EXERCISE GOAL:
The response should consist of every line below, restated exactly, with no pictures.

═══

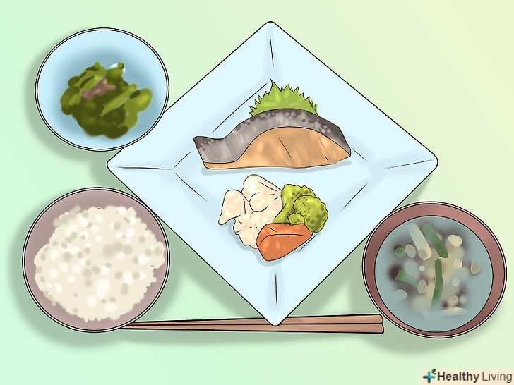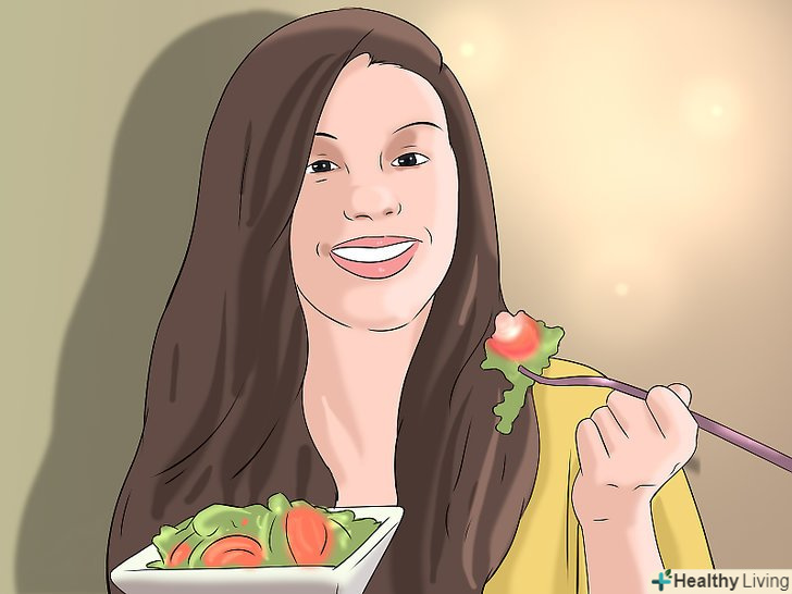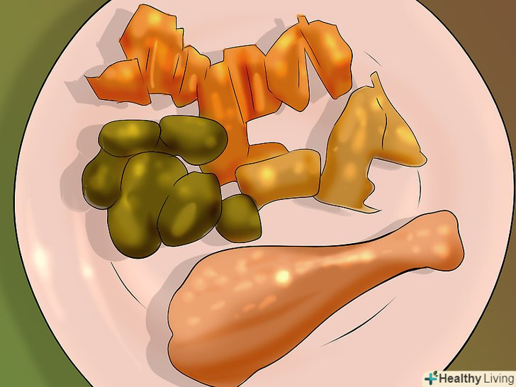 Слідкуйте за розмірами порцій. дієтологи рекомендують їсти повільно, це допомагає розпізнавати, коли ви ситі. Коли ви продовжуєте їсти після того, як задовольнили голод, ви споживаєте багато калорій, яких можна було б уникнути. [13] обмежте кількість споживаних в день калорій до 2000. Якщо ви намагаєтеся скинути вагу, скоротіть цю кількість до 1800 ккал. Але ніколи не Споживайте менше 1200 ккал в день!- Розмір однієї порції м'яса, риби або птиці повинен становити 85 грам (коли блюдо вже приготовлено), або приблизно відповідати розміру вашої долоні. [14]
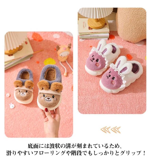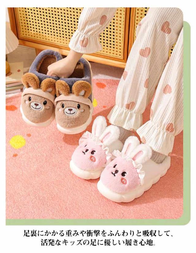 キッズ キッズ もこもこ 男の子 スリッパ ルームシューズ 暖かい うさぎ 女の子 かかとなし ボアスリッパ 子供用 子ども アニマル かわいい 裏起毛 保温 室内用 部屋履き あったか 防寒 ルームスリッパ 贈り物 ギフト 室内履き
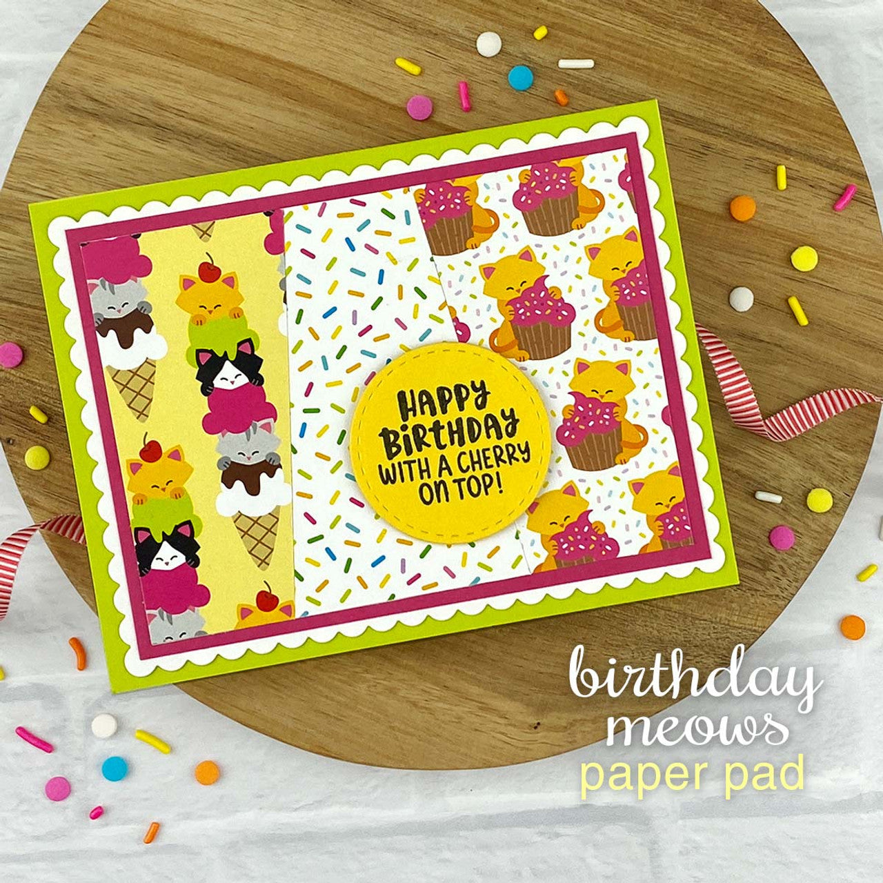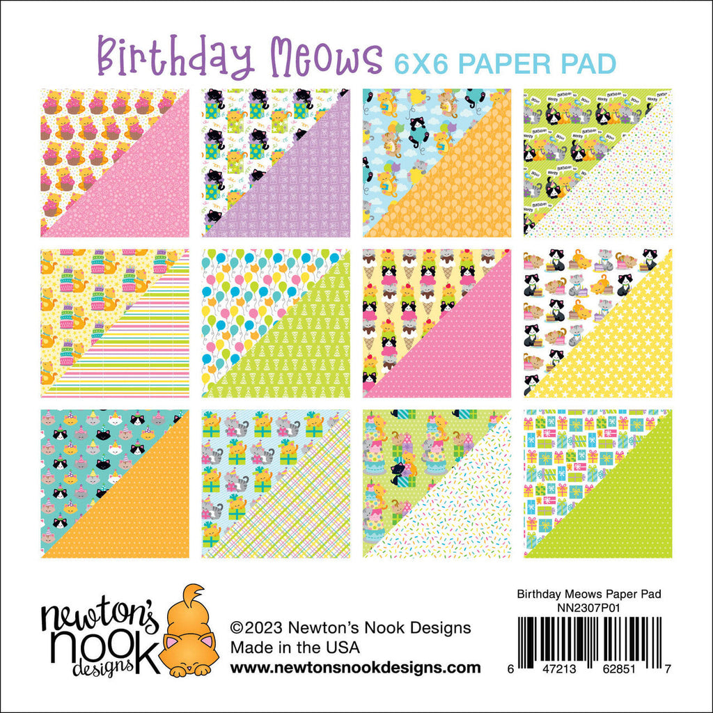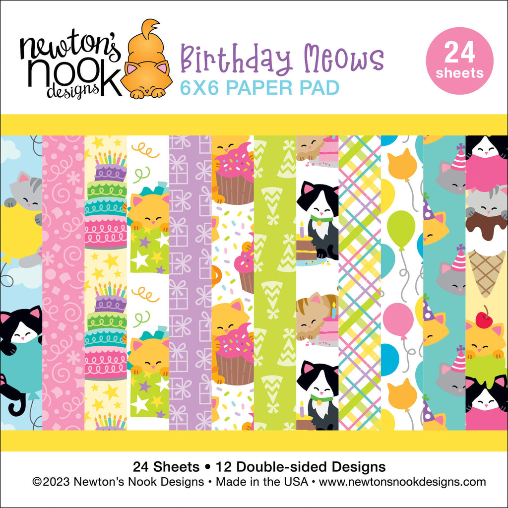 The Newton's Nook Designs Birthday Meows 6x6 inch Paper Pad invites you to celebrate birthdays alongside Newton and his kitty friends. This delightful paper pad features 24 sheets, with 2 of each of the 12 different double-sided designs. Printed on heavy cardstock with a touch of sheen, these papers offer both durability and a subtle shimmer. Many of the designs showcase adorable kitties adorned with birthday hats, balloons, cakes, and more, adding a charming touch to your birthday-themed projects.
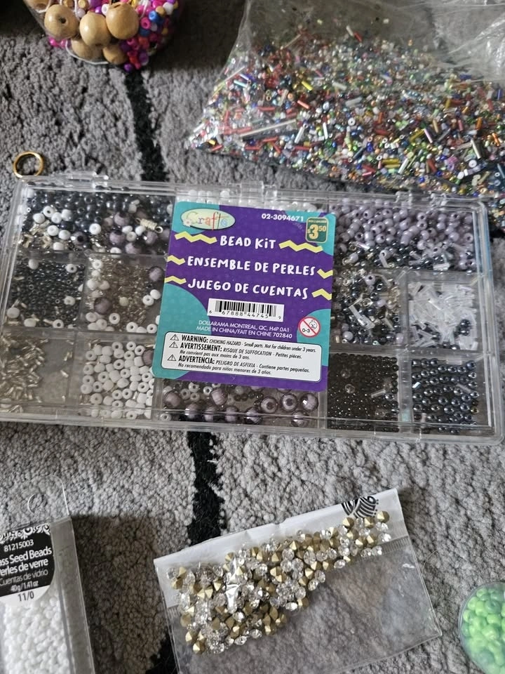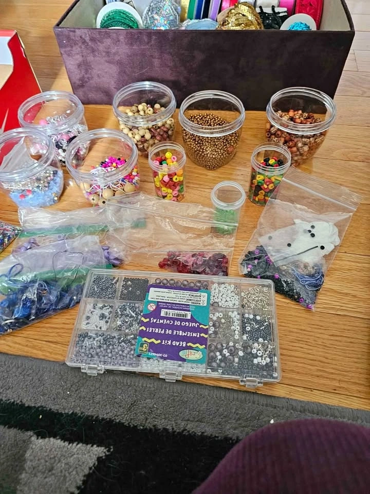 Mainly new items for crafts. Worth more than $350. Some beads have been used. The ribbons are new and only few were used sparingly. A large variety of craft and sewing items. Lots of boxes and jars with different sizes of Beads, many colors and sizes of ribbons, lace, pendants, findings and lots more.
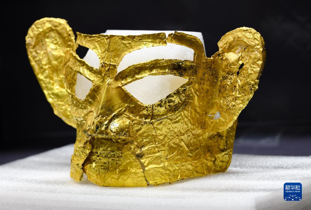 9月9日,四川省文物考古研究院公布了一批三星堆考古最新发现,大大小小的文物中一张完整的黄金面具格外引人注目。

═══

TASK RESULT:
 Слідкуйте за розмірами порцій. дієтологи рекомендують їсти повільно, це допомагає розпізнавати, коли ви ситі. Коли ви продовжуєте їсти після того, як задовольнили голод, ви споживаєте багато калорій, яких можна було б уникнути. [13] обмежте кількість споживаних в день калорій до 2000. Якщо ви намагаєтеся скинути вагу, скоротіть цю кількість до 1800 ккал. Але ніколи не Споживайте менше 1200 ккал в день!- Розмір однієї порції м'яса, риби або птиці повинен становити 85 грам (коли блюдо вже приготовлено), або приблизно відповідати розміру вашої долоні. [14]
 キッズ キッズ もこもこ 男の子 スリッパ ルームシューズ 暖かい うさぎ 女の子 かかとなし ボアスリッパ 子供用 子ども アニマル かわいい 裏起毛 保温 室内用 部屋履き あったか 防寒 ルームスリッパ 贈り物 ギフト 室内履き
 The Newton's Nook Designs Birthday Meows 6x6 inch Paper Pad invites you to celebrate birthdays alongside Newton and his kitty friends. This delightful paper pad features 24 sheets, with 2 of each of the 12 different double-sided designs. Printed on heavy cardstock with a touch of sheen, these papers offer both durability and a subtle shimmer. Many of the designs showcase adorable kitties adorned with birthday hats, balloons, cakes, and more, adding a charming touch to your birthday-themed projects.
 Mainly new items for crafts. Worth more than $350. Some beads have been used. The ribbons are new and only few were used sparingly. A large variety of craft and sewing items. Lots of boxes and jars with different sizes of Beads, many colors and sizes of ribbons, lace, pendants, findings and lots more.
 9月9日,四川省文物考古研究院公布了一批三星堆考古最新发现,大大小小的文物中一张完整的黄金面具格外引人注目。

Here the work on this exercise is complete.